We may be required prepay to the operators of our properties our contractual share of acreage, geophysical and geological costs and other up-front expenses, and drilling and completion costs, on a well-by-well basis. Once a prepayment is made, the operator is under no requirement to keep such funds segregated from funds received by other working interest owners. As a result of any prepayment, we would become a general unsecured creditor of the operator and, therefore, could suffer the loss of all or part of the amount prepaid in the event that an operator has financial difficulties, liens are placed against the operator’s assets or the operator files for bankruptcy.

 

If we are unable to find purchasers of our natural gas, it could harm our profitability.

 

There generally are only a limited number of natural gas transmission companies with existing pipelines in the vicinity of a natural gas well or wells. In the event that producing natural gas properties are not subject to purchase contracts or that any such contracts terminate and other parties do not purchase our natural gas production, there is no assurance that we will be able to enter into purchase contracts with any transmission companies or other purchasers of natural gas and there can be no assurance regarding the price which such purchasers would be willing to pay for such natural gas. There presently exists an oversupply of natural gas in the marketplace, the extent and duration of which is not known. Such oversupply may result in reductions of purchases by principal natural gas pipeline purchasers.

 

We could lose leases on certain of our properties unless production is established and maintained on units containing the acreage or the leases are extended.

 

Oil and natural gas leases generally must be drilled before the end of the lease term or the leaseholder will lose the lease and any capital invested therein. In addition, leases may also be lost due to legal issues relating to the ownership of leases. Any delays in drilling or legal issues causing us to lose leases on properties could have a material adverse effect on our results of operations and reserve growth. If our leases expire, we will lose our right to develop the related properties.

 

Our drilling plans for these areas are subject to change based upon various factors, including factors that are beyond our control. Such factors include drilling results, oil and natural gas prices, the availability and cost of capital, drilling and production costs, availability of drilling services and equipment, gathering system and pipeline transportation constraints, and regulatory approvals.

 

Our operations could be impacted by burdens and encumbrances on title to our properties.

 

Our leasehold acreage may be subject to existing oil and natural gas leases, liens for current taxes and other burdens, including other mineral encumbrances and restrictions customary in the oil and natural gas industry, that should not materially interfere with the use or otherwise affect the value of such properties. However, we cannot guarantee that we have or will have clear and unobstructed title to leases or other rights assigned to us. We also cannot guarantee that the mineral encumbrances and restrictions mentioned above will not materially interfere with the use of or affect the value of leasehold acreage. Any cloud on the title of the working interests, leases and other rights owned by us could have a material adverse effect on our operations.

 

Delays in obtaining permits by us for our operations could impact our business.

 

We are required to obtain permits from one or more governmental agencies in order to perform drilling and completion activities, including hydraulic fracturing.

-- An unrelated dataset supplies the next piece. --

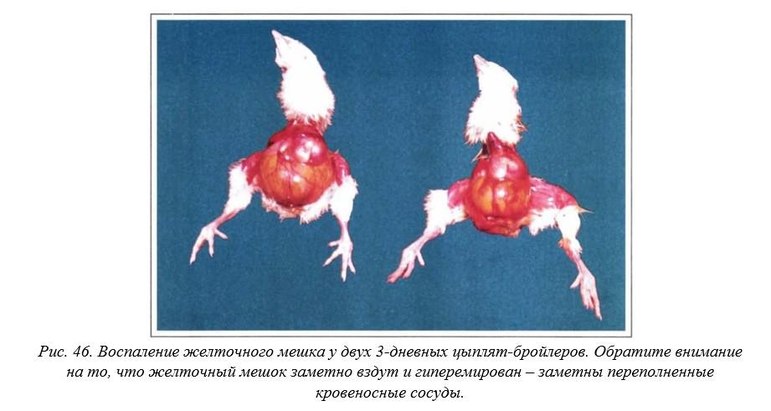 Результаты вскрытия. Кровеносные сосуды желточного мешка расширены и переполнены кровью (рис. 46, 49). Застойные явления в легких; печень и почки темного цвета, увеличены. Самая важная находка – воспаленный неабсорбированный остаток желтка, отличающийся от нормального по цвету и консистенции (рис. 47, 48, 50), обычно зловонный. Часты перитонит и кровоизлияния на поверхности кишечника.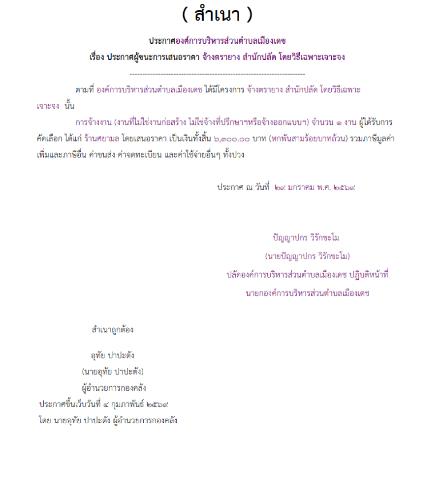 จ้างตรายาง สำนักปลัด โดยวิธีเฉพาะเจาะจง (เลขที่โครงการ : 69029016599)

Such permits are typically required by state agencies, but can also be required by federal and local governmental agencies. As with all governmental permitting processes, there is a degree of uncertainty as to whether a permit will be granted, the time it will take for a permit to be issued, and the conditions which may be imposed in connection with the granting of the permit. Hydraulic fracturing activities have been particularly scrutinized. In particular, there is a growing trend of local and municipal initiatives to regulate drilling and completion activities. For example, a number of municipalities in Colorado have initiated bans or moratoriums on certain drilling and completion activities, including hydraulic fracturing. In addition, some municipalities have adopted temporary moratoriums on gas well permits while longer-term measures are considered. If we are unable to obtain the necessary permits for our operations or if we experience delays in obtaining permits, it could have a material adverse effect on our results of operations and profitability.

 

Market conditions or transportation impediments may hinder access to oil and natural gas markets or delay production.

  

Market conditions, the unavailability of satisfactory oil and natural gas transportation or the remote location of our drilling operations may restrict our access to oil and natural gas markets or delay production. The availability of a ready market for oil and natural gas production depends on a number of factors, including the demand for and supply of oil and natural gas, the proximity of reserves to pipelines or trucking and terminal facilities and the availability of trucks and other transportation equipment. We may be required to shut-in wells or delay initial production for lack of a viable market or because of inadequacy or unavailability of pipeline or gathering system capacity. When that occurs, we will be unable to realize revenue from those wells until the production can be tied to a gathering system. This can result in considerable delays from the initial discovery of a reservoir to the actual production of the oil and natural gas and realization of revenues.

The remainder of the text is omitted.